Median age was 72 years (range 29-85 years).
The most common treatment-related adverse events (TRAEs) with SL-401 across BPDCN and other indications (n=134 patients) were hypoalbuminemia (43%), transaminitis (43%), and thrombocytopenia (26%), by investigator-assessment. TRAEs included capillary leak syndrome (18%), of which 3 cases were grade 5 (2.2%), as previously reported.
The overall response rate (ORR) for Stage 1 and 2 BPDCN patients (n=32) was 84%, with a complete response (CR) rate of 59%, by investigator-assessment.

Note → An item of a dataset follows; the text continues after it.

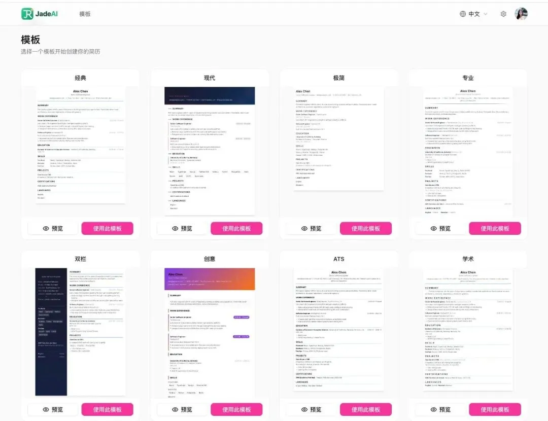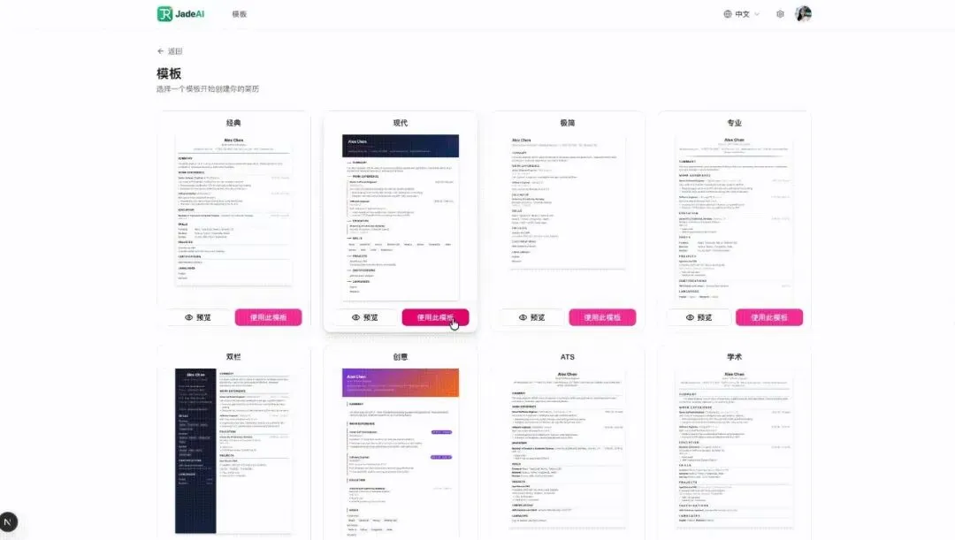 模板是简历的“门面”,JadeAI内置50+套经过专业设计的简历模板,告别千篇一律的粗糙设计,适配不同行业、求职场景与个人风格。

Eight BPDCN patients who achieved remission on SL-401 (for ~2.5 to ~6 months duration) were subsequently bridged to stem cell transplant, including one relapsed/refractory patient.
In first-line BPDCN patients treated at 12 ug/kg/day (n=16), the median overall survival (OS) has not been reached.
The full presentation will be available on the Stemline website (www.stemline.com), under the "Scientific Presentations" tab, following delivery of today’s presentation at EHA (Free EHA Whitepaper).
Stage 3 is fully enrolled (n=13 first-line BPDCN patients) and data will be reported, along with further updated Stage 1 and 2 data, in 2H17. Depending on the results of this ongoing Phase 2 trial, the largest prospective study ever conducted in this indication (n=45 patients), we intend to file a BLA for SL-401 in BPDCN in 4Q17/1Q18.